The latest version of DeepSpeech adds support for TensorFlow Lite, a version of Google’s TensorFlow machine learning framework that’s optimized for compute-constrained mobile and embedded devices. It’s reduced DeepSpeech’s package size from 98MB to 3.7MB and its built-in English model size — which has a 7.5% word error rate on a popular benchmark and which was trained on 5,516 hours of transcribed audio from WAMU (NPR), LibriSpeech, Fisher, Switchboard, and Mozilla’sCommon Voice English data sets — from 188MB to 47MB. Plus, it’s cut down DeepSpeech’s memory consumption by 22 time and boosted its startup speed by over 500 times.
This more efficient English language model — which runs “faster than real time” on a single core of a Raspberry Pi 4 and which is 50% smaller than before (including the inference code and the trained model) — is available on Windows, macOS, and Linux as well as Android.
Above: DeepSpeech’s memory usage during startup.
Image Credit: Mozilla
DeepSpeech 0.6 is much more performant overall, thanks in part to a new streaming decoder that enables “consistent” low latency and memory utilization regardless of the length of audio being transcribed. Additionally, the platform’s two main subsystems — an acoustic model that receives audio features as inputs and outputs character probabilities and a decoder that transforms character probabilities into textual transcripts — are both now capable of streaming. This means that there’s no longer any need for carefully tuned silence detection algorithms, said Morais.
The new DeepSpeech provides transcriptions 260 milliseconds after the end of the audio, or 73% faster than before the streaming decoder was implemented. As for intermediate transcript requests at seconds 2 and 3 of audio files, they’re returned in a fraction of the time.
That’s not all that’s improved on the performance side of the equation. Now, thanks to an upgrade to TensorFlow 1.14 and the adoption of newly available APIs, DeepSpeech is up to two times faster when it comes to model training. Moreover, it’s capable of fully training and deploying models at different sample rates (e.g., 8kHz for telephony data), and the new decoder exposes timing and confidence metadata for each character in the transcript.
Above: The DeepSpeech client.
Image Credit: Mozilla
Morais notes that startup Te Hiku Media — which is using DeepSpeech to develop and deploy the first Te reo Māori automatic speech recognizer — has been exploring the use of the confidence metadata in the decoder to build a digital pronunciation helper for Te reo Māori, starting with New Zealand English and Te reo Māori.
Mozilla’s work in natural language processing extends to the aforementioned Common Voice data set, which was recently updated with 1,400 hours of speech across 18 languages.
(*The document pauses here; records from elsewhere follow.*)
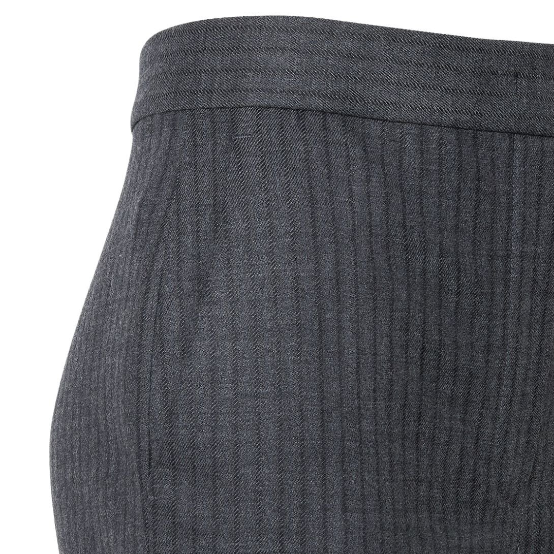 The concealed zipper and hook closure offer a smooth, seamless fastening, ensuring a streamlined fit that enhances the overall sleek look of the trousers.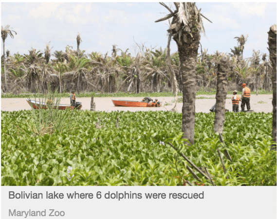 Veterinarians from St. Louis and the Maryland Zoo traveled to central Bolivia to rescue around 15 endangered Bolivian river dolphins that were trapped in a lake. The dolphins had reportedly become cut off from the main river over the past several years because of run-off from environmental changes in the area.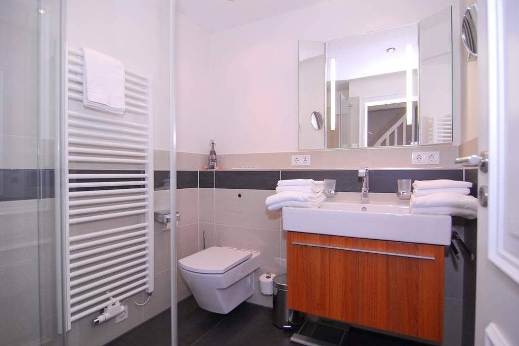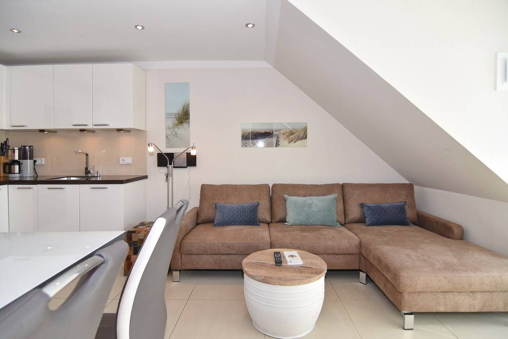 Exklusive 3-Zimmer-Ferienwohnung in der Residenz "Alva" mit Wellnessbereich (Pool, Sauna, Dampfsauna) unweit des Badestrands und der Fußgängerzone. Ca. 56 m². Nichtraucher. OG.: Wohnraum mit Couch und Sesseln, Essplatz, WLAN u. Telefonflatrate ins dt. Festnetz, Flat-TV mit BluRay-Player, Stereo-Anlage mit CD und iPhone-Adapter, Südbalkon mit Balkonmöbeln, offene Küche mit Mikrow., Backofen und Geschirrspüler, Duschbad/WC, Schlafzimmer mit Doppelbett, Flur. DG: 1 Schlafzimmer mit Doppelbett, Flat-TV m. BluRay-Player, Gäste / WC. Alle Steckdosen sind kindergesichert! PKW-Stellplatz Nr. 13. Waschküche im Haus! Bettwäsche und Handtücher sind zur Anreise aufgezogen. Tierhaltung ist nicht gestattet! Auf dem östlich angrenzenden Nachbargrundstück entsteht ab März 2024 ein Neubauvorhaben, hier kann es zu Lärmbelästigungen kommen.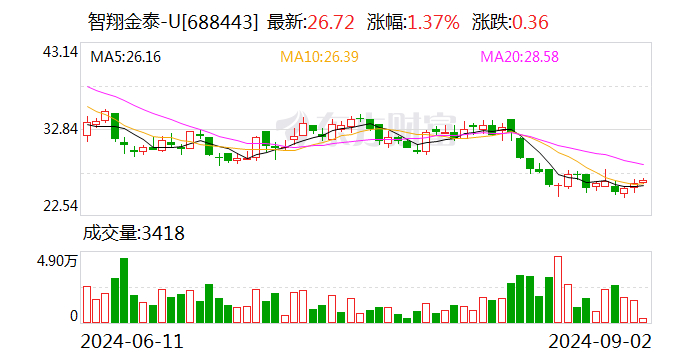 2023年6月,智翔金泰正式登陆科创板。值得一提的是,彼时智翔金泰科创板上市申请符合了科创板五套上市标准中的第五套标准,即预计市值不低于人民币40亿元,且主要业务或产品需经国家有关部门批准,市场空间大,并已取得阶段性成果。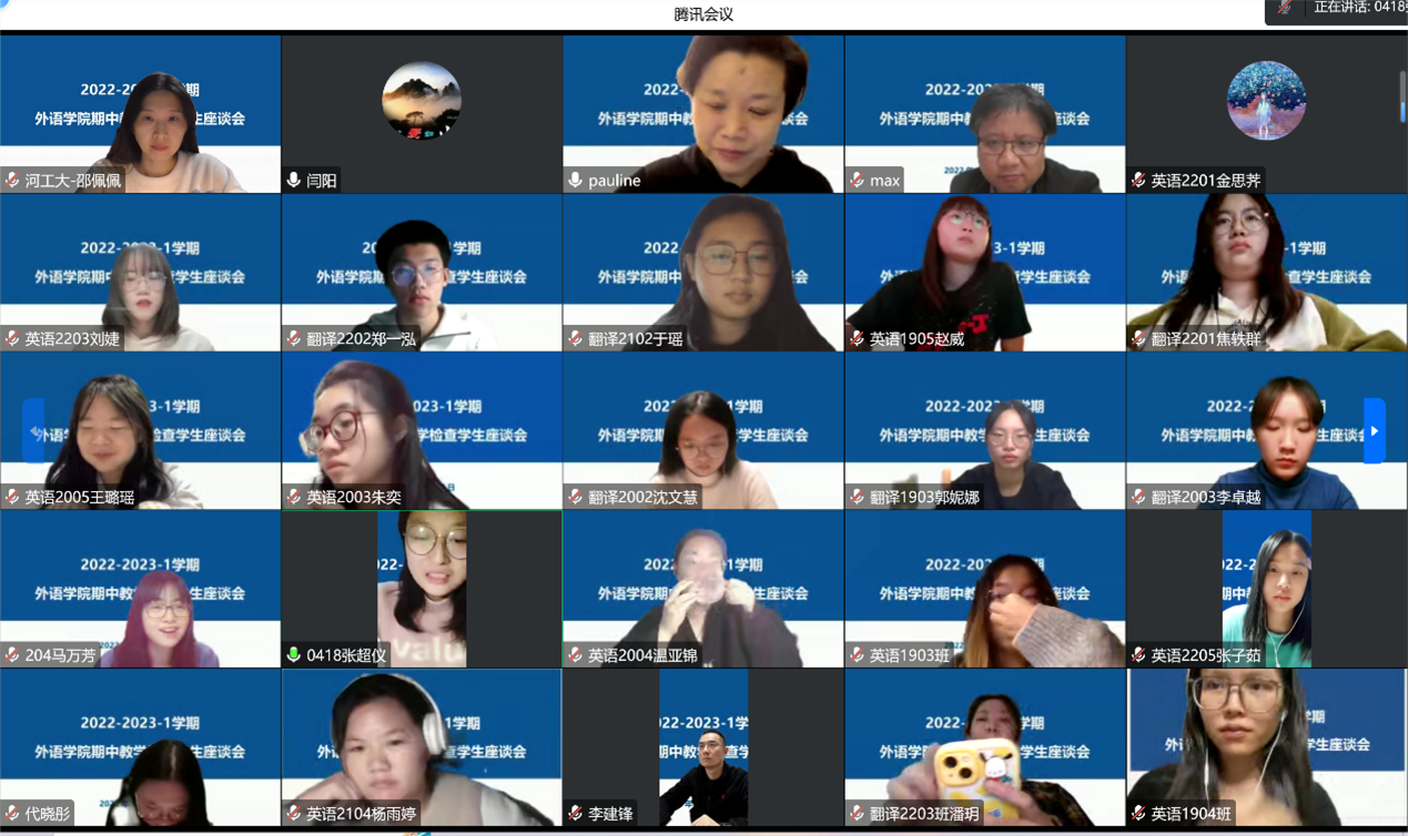 分别于11月17日、18日在线召开学生座谈会和教师座谈会,倾听师生心声,了解教情学情。学校教学督导程大友教授、教务处教师教学发展中心主任赵静、足球现场成绩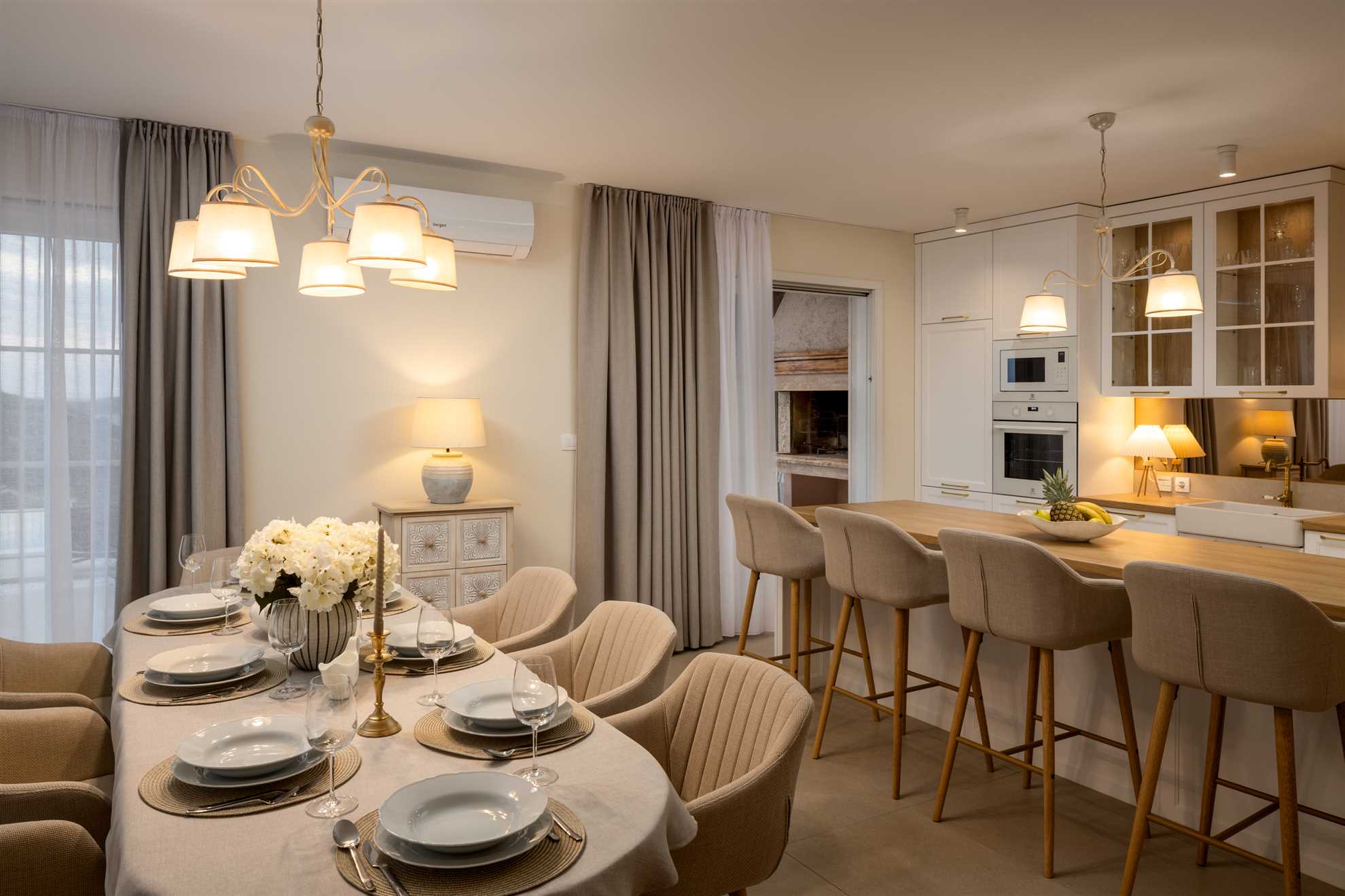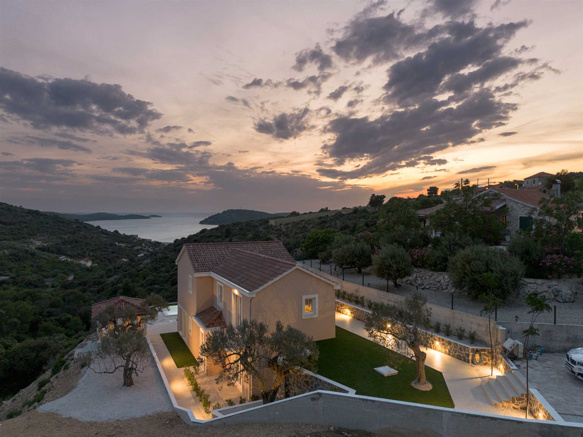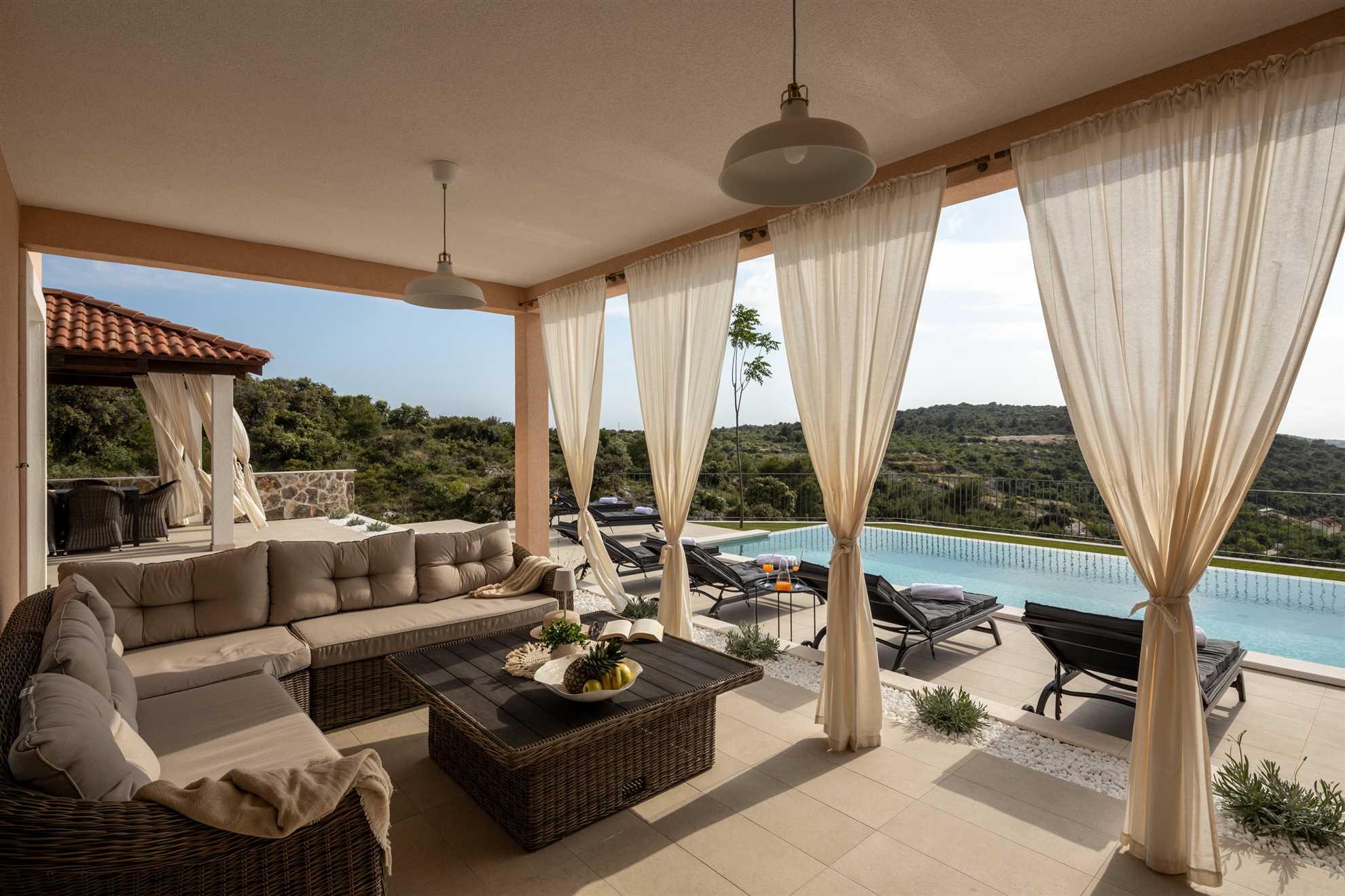 Nestled on a picturesque hill with breathtaking sea views, Villa Allegra defines refined living. This newly built addition to the luxury market boasts saltwater infinity heated pool, perfect for year-round enjoyment. For moments of relaxation, the covered seating lounge provides a tranquil spot to unwind while taking in the stunning surroundings. Lavish outdoor area is complete with sun loungers and an inviting alfresco dining area fitted with built in authentic BBQ. Inside, the villa is spread across two floors of opulent living space covering 230m2. Each of the luxury ensuite bedrooms offers a serene retreat with high-end finishes. The graceful dining room makes every dinner an elegant experience, while the large kitchen, featuring a central breakfast island, is equipped with the finest appliances. Subtle decor, soft colors, exposed wood beams and cozy yet sophisticated living area all add to a welcoming atmosphere making this a lovely choice for a holiday for family and friends.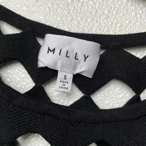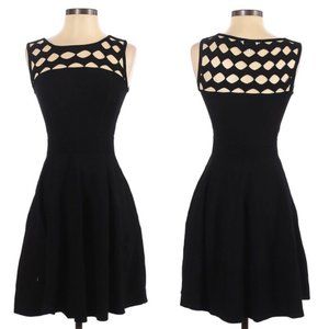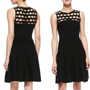 Milly Open Yoke Fit and Flare Knit Dress Black Mini Party Womens Size Small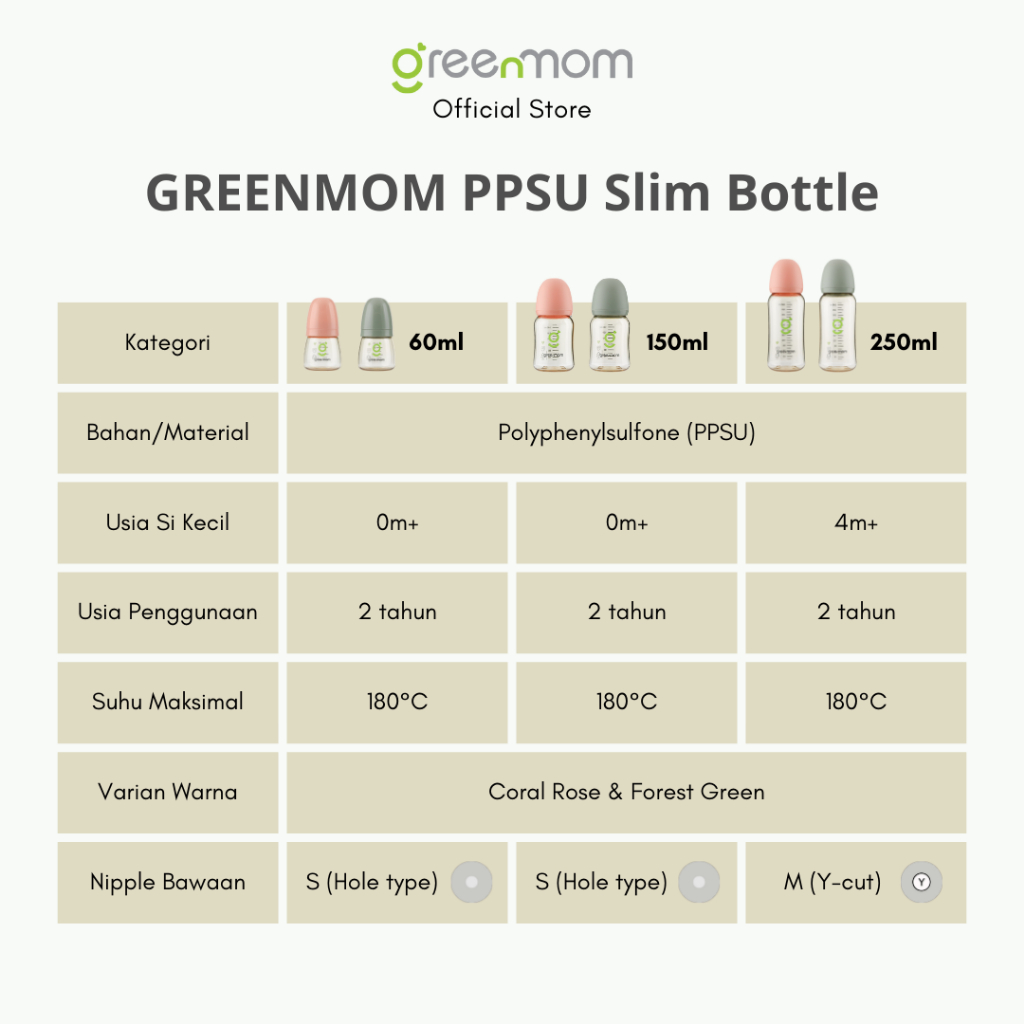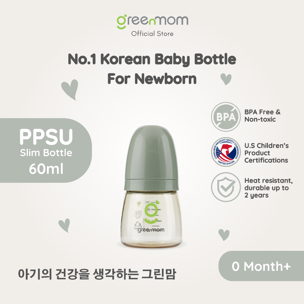 Greenmom PPSU Slim 60ml Forest Green / Botol Paling Aman - Bebas Mikroplastik / Anti-kolik / Brand Korea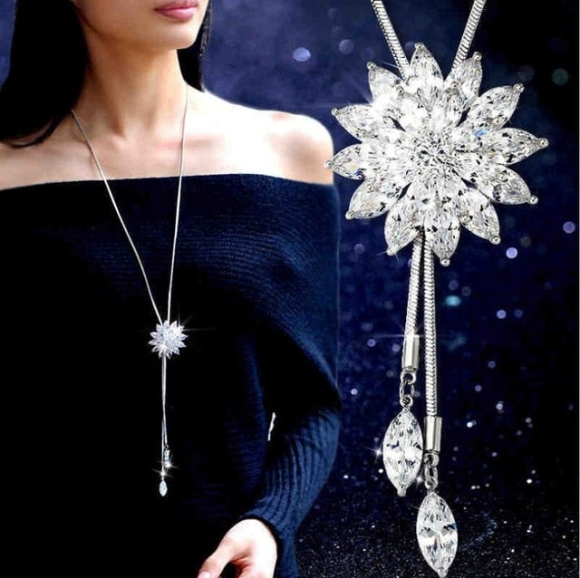 3COLOR New European new Flower triangle Crystals from Swarovskis Choker clothes Necklaces Jewelry For Women Christmas Party

It’s one of the largest multi-language dataset of its kind, Mozilla claims — substantially larger than the Common Voice corpus it made publicly available eight months ago, which contained 500 hours (400,000 recordings) from 20,000 volunteers in English — and it’ll soon grow larger still. The organization says that data collection efforts in 70 languages are actively underway via the Common Voice website and mobile apps .